Records shown -
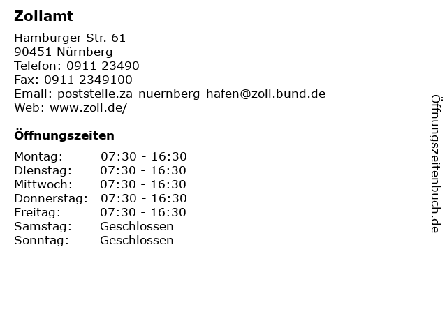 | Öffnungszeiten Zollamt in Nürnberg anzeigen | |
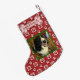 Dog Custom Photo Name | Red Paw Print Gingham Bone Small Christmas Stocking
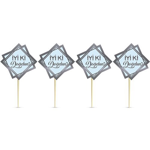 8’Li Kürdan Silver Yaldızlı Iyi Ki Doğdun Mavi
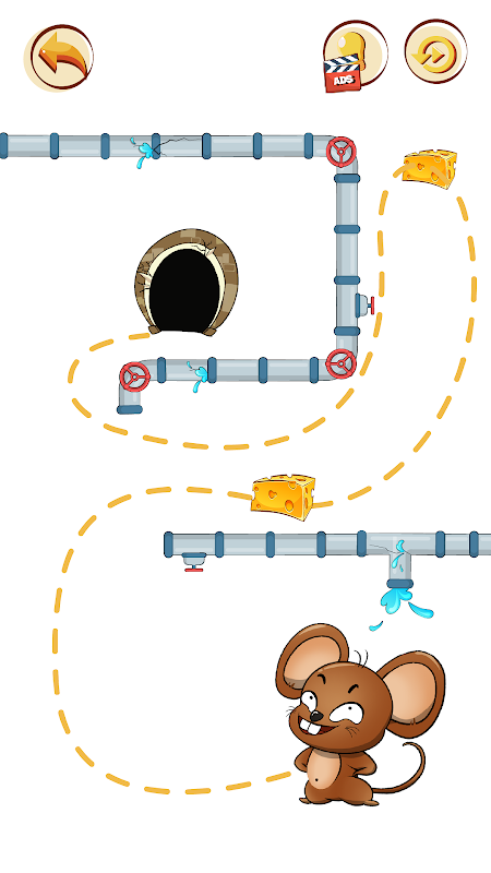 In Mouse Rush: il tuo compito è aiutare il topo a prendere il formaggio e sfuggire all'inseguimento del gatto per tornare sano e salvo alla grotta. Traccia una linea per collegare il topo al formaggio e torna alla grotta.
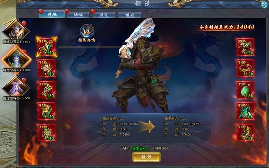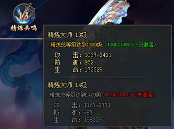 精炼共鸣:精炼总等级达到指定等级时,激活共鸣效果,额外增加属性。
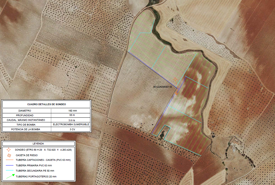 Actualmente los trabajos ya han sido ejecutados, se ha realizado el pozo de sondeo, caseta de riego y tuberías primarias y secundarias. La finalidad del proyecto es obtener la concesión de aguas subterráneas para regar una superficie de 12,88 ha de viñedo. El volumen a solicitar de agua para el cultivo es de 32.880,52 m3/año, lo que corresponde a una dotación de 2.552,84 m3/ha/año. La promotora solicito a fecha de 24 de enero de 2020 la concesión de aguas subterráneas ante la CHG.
...
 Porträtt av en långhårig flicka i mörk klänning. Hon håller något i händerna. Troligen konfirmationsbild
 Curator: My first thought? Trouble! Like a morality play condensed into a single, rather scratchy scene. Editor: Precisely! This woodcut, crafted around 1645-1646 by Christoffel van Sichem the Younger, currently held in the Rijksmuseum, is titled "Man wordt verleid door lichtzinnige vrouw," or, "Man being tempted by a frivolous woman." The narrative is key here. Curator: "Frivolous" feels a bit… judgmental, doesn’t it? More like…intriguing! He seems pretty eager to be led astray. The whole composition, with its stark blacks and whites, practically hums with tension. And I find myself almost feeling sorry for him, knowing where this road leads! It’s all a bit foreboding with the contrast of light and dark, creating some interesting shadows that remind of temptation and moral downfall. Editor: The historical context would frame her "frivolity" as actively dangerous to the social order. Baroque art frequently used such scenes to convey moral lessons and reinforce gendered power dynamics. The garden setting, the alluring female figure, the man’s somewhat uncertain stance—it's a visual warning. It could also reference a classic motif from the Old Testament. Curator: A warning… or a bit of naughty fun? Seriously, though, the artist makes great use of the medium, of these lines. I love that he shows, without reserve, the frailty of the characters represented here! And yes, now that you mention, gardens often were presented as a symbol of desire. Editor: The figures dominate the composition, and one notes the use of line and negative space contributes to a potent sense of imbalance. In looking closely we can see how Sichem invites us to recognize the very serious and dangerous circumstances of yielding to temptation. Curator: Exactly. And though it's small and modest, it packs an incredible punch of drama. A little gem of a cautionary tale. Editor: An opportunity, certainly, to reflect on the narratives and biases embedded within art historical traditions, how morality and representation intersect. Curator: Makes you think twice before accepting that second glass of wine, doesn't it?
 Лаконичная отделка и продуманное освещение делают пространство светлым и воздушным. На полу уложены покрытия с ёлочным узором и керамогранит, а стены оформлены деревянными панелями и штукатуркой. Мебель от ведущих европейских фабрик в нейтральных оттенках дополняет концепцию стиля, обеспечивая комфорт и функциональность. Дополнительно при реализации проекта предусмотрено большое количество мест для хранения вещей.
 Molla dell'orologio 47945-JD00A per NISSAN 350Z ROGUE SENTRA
==
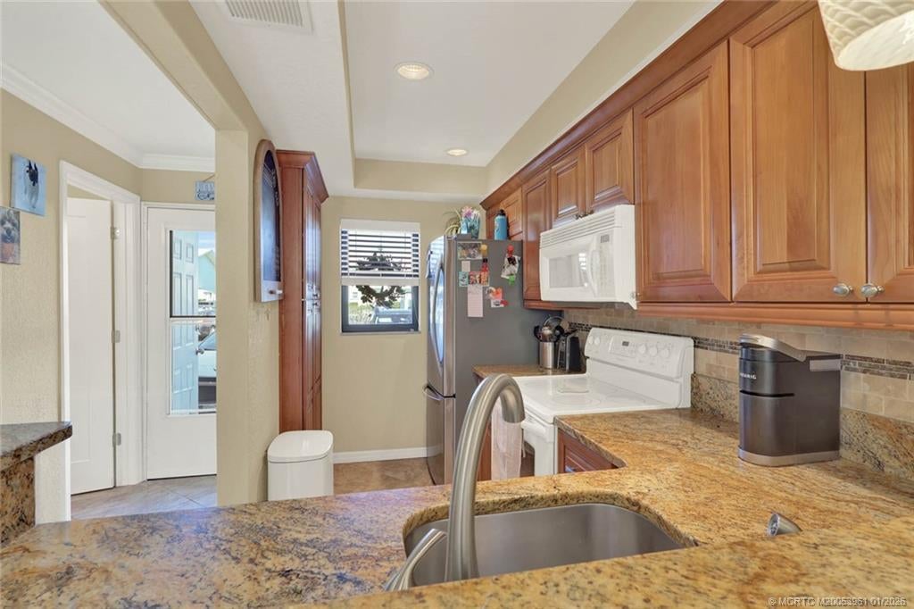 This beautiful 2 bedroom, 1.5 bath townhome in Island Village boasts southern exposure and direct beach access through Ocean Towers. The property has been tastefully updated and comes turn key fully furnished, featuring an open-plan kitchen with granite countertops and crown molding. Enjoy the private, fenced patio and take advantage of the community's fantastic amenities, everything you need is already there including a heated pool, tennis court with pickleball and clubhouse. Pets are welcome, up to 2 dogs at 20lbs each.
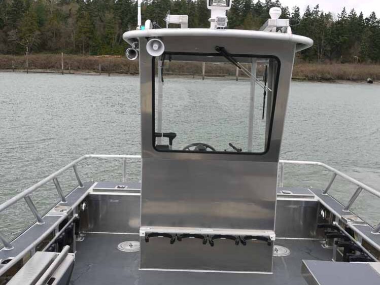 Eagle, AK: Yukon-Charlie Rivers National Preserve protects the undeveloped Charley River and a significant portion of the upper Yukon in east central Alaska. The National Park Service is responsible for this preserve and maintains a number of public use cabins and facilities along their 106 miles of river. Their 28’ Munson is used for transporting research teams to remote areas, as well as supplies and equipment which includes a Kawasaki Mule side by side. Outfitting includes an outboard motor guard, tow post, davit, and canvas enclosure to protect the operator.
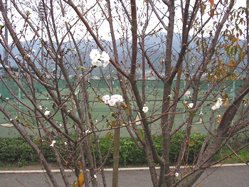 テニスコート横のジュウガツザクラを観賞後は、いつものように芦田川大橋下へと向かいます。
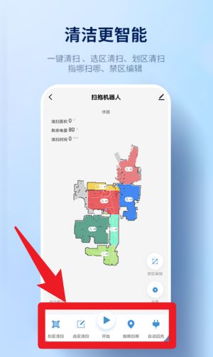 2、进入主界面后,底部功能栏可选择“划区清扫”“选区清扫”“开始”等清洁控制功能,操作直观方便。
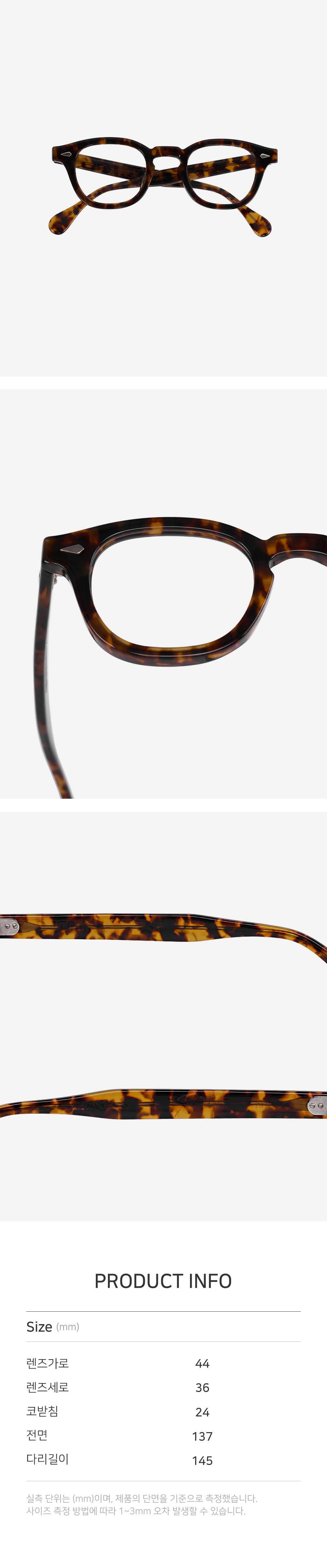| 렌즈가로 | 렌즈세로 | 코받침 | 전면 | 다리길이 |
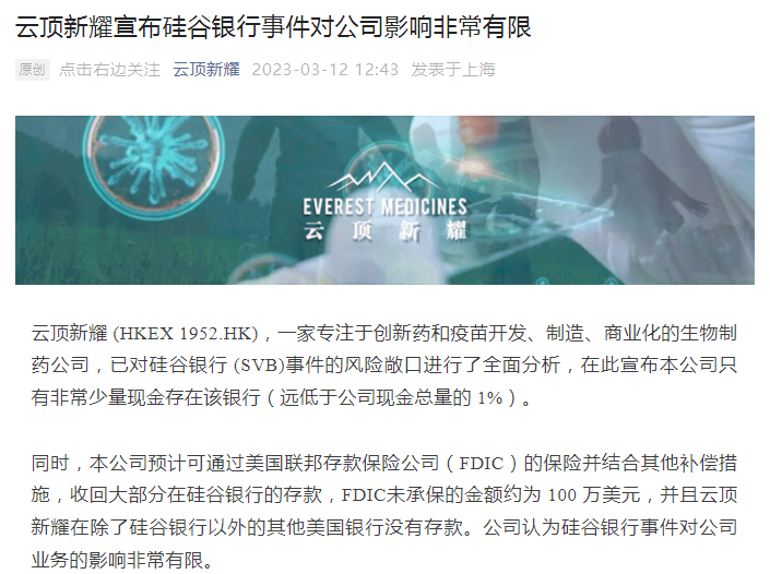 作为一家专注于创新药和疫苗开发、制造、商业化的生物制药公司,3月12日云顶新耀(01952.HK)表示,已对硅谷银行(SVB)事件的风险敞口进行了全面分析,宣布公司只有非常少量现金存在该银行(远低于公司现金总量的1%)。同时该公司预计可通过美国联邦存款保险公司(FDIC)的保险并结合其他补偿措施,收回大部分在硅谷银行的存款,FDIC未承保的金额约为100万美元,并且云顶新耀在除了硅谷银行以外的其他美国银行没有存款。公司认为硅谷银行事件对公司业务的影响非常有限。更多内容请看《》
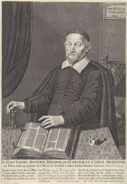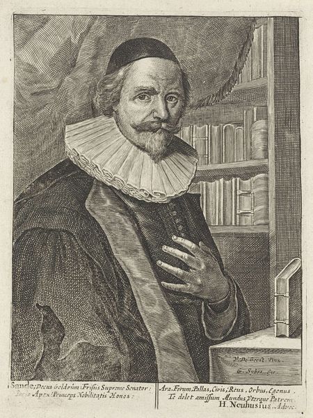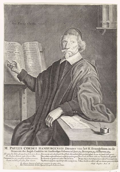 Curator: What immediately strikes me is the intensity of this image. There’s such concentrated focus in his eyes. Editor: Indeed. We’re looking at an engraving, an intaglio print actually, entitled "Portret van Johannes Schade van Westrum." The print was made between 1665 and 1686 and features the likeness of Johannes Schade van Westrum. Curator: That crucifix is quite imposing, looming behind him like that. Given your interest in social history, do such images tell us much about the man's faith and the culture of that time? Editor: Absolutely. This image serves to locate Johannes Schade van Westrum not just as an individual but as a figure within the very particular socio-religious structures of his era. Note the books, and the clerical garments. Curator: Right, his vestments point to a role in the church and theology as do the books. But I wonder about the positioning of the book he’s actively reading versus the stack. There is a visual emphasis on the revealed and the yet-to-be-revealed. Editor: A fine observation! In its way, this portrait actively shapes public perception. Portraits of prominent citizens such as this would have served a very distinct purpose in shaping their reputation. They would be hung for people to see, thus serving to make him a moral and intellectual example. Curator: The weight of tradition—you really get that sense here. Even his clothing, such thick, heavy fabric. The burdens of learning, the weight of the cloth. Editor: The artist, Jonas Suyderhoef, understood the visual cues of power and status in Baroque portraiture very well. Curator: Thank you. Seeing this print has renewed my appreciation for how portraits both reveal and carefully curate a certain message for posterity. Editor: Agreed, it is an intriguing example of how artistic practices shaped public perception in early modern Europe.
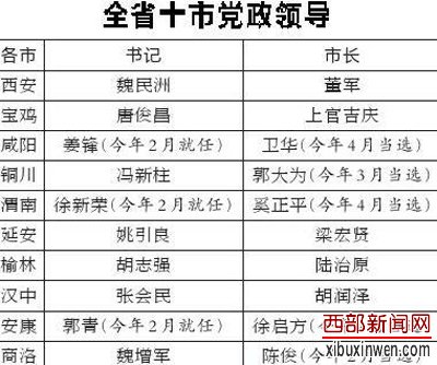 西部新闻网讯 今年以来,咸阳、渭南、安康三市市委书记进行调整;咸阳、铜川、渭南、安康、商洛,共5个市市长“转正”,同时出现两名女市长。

Problem statement - All that belongs in your answer is the stretch of entries above from the line with "Лаконичная отделка и" through the line with "Molla dell'orologio 47945-JD00A", printed exactly.

Task solution -
 Лаконичная отделка и продуманное освещение делают пространство светлым и воздушным. На полу уложены покрытия с ёлочным узором и керамогранит, а стены оформлены деревянными панелями и штукатуркой. Мебель от ведущих европейских фабрик в нейтральных оттенках дополняет концепцию стиля, обеспечивая комфорт и функциональность. Дополнительно при реализации проекта предусмотрено большое количество мест для хранения вещей.
 Molla dell'orologio 47945-JD00A per NISSAN 350Z ROGUE SENTRA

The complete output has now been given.